→ Exercise requirements
Lines from the one containing "Als ich 15 war, bemerkte" through the last line of the data are to be returned exactly, both ends included, minus any pictures.

→ Dataset content

§

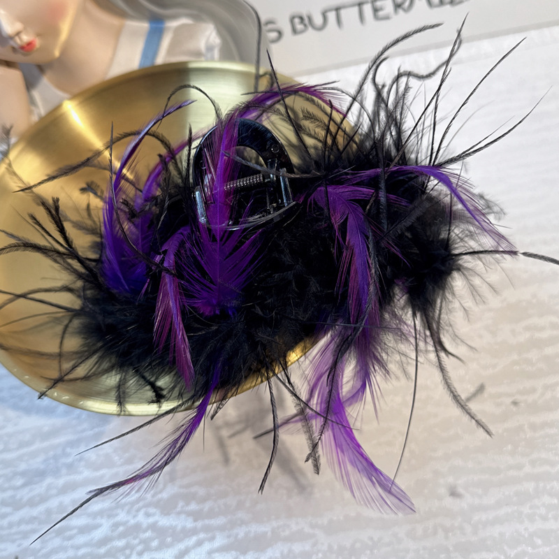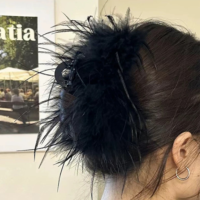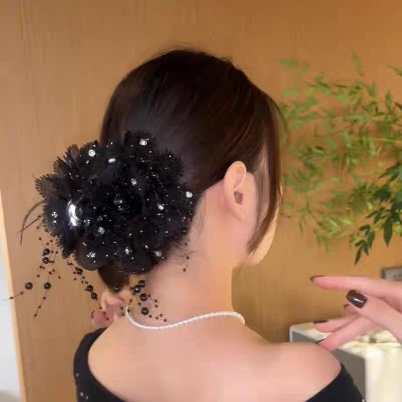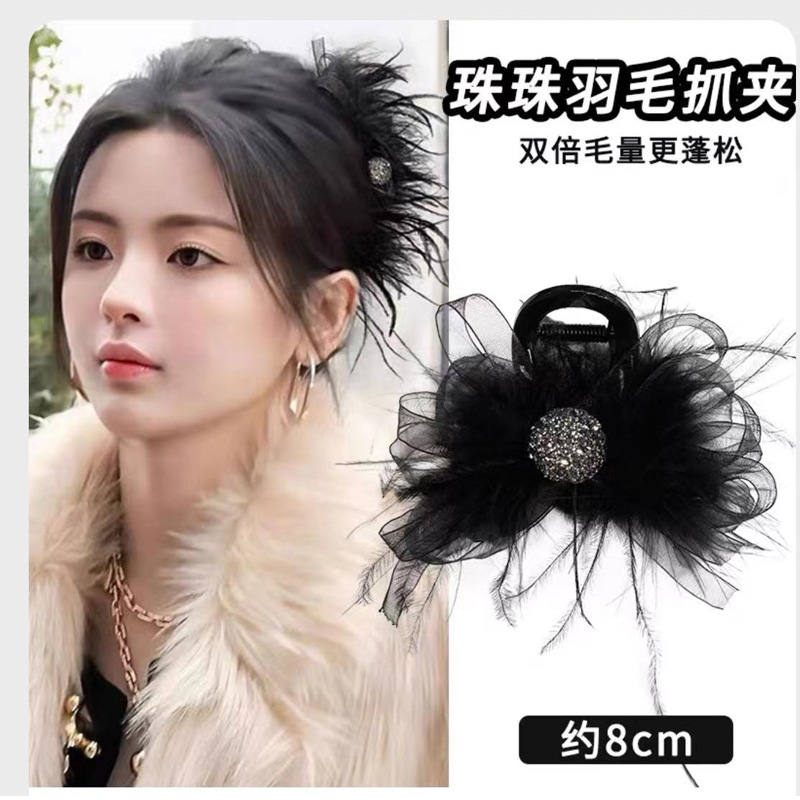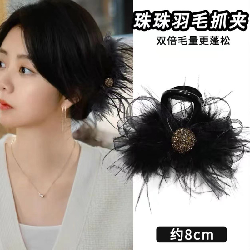 气质高级感仙气珍珠羽毛大号抓夹女后脑勺盘发鲨鱼夹百搭毛毛发夹
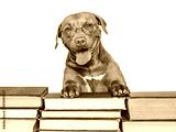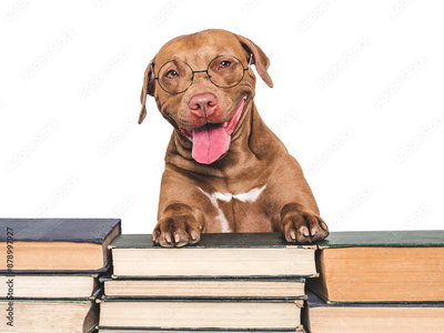 Cute dog and old books. Close-up, indoors, studio shot. Isolated background. Concept of care, education, obedience training and raising of pets
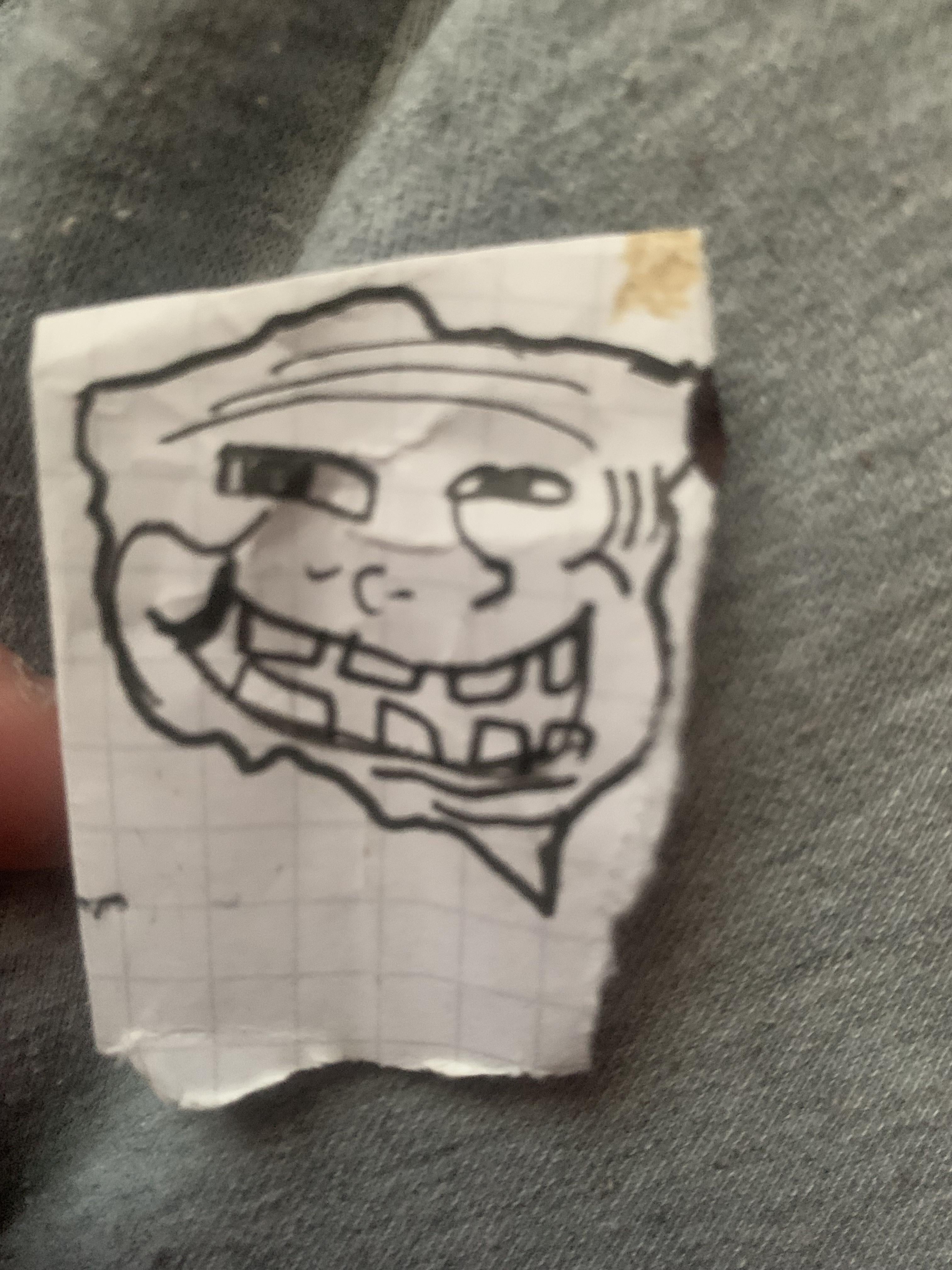 Als ich 15 war, bemerkte ich zusammen mit meinen Freunden, dass Polen wie das Trollgesicht aussieht, also habe ich es gezeichnet und ja, das tut es, und es dann vergessen. Jetzt, da ich 18 bin, habe ich das herausgekramt, um es auf Reddit zu posten, und ich werde es wieder vergessen
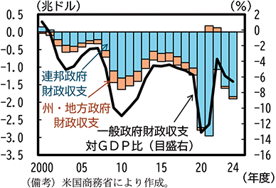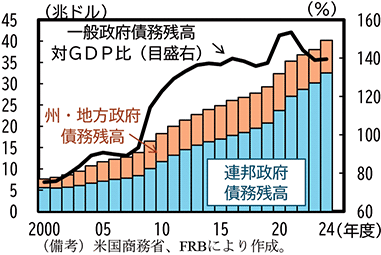 一般政府の財政収支の推移をみると(第2-3-37図)、2001会計年度106以降、連邦政府の財政赤字拡大によって、一般政府の財政赤字は拡大しており、一般政府債務残高は増加している(第2-3-38図)。ただし、経済成長と物価上昇によってGDPは名目値で上昇したため、2022会計年度以降、一般政府債務残高対GDP比は低下している。

§

→ Answer to the exercise
 Als ich 15 war, bemerkte ich zusammen mit meinen Freunden, dass Polen wie das Trollgesicht aussieht, also habe ich es gezeichnet und ja, das tut es, und es dann vergessen. Jetzt, da ich 18 bin, habe ich das herausgekramt, um es auf Reddit zu posten, und ich werde es wieder vergessen
 一般政府の財政収支の推移をみると(第2-3-37図)、2001会計年度106以降、連邦政府の財政赤字拡大によって、一般政府の財政赤字は拡大しており、一般政府債務残高は増加している(第2-3-38図)。ただし、経済成長と物価上昇によってGDPは名目値で上昇したため、2022会計年度以降、一般政府債務残高対GDP比は低下している。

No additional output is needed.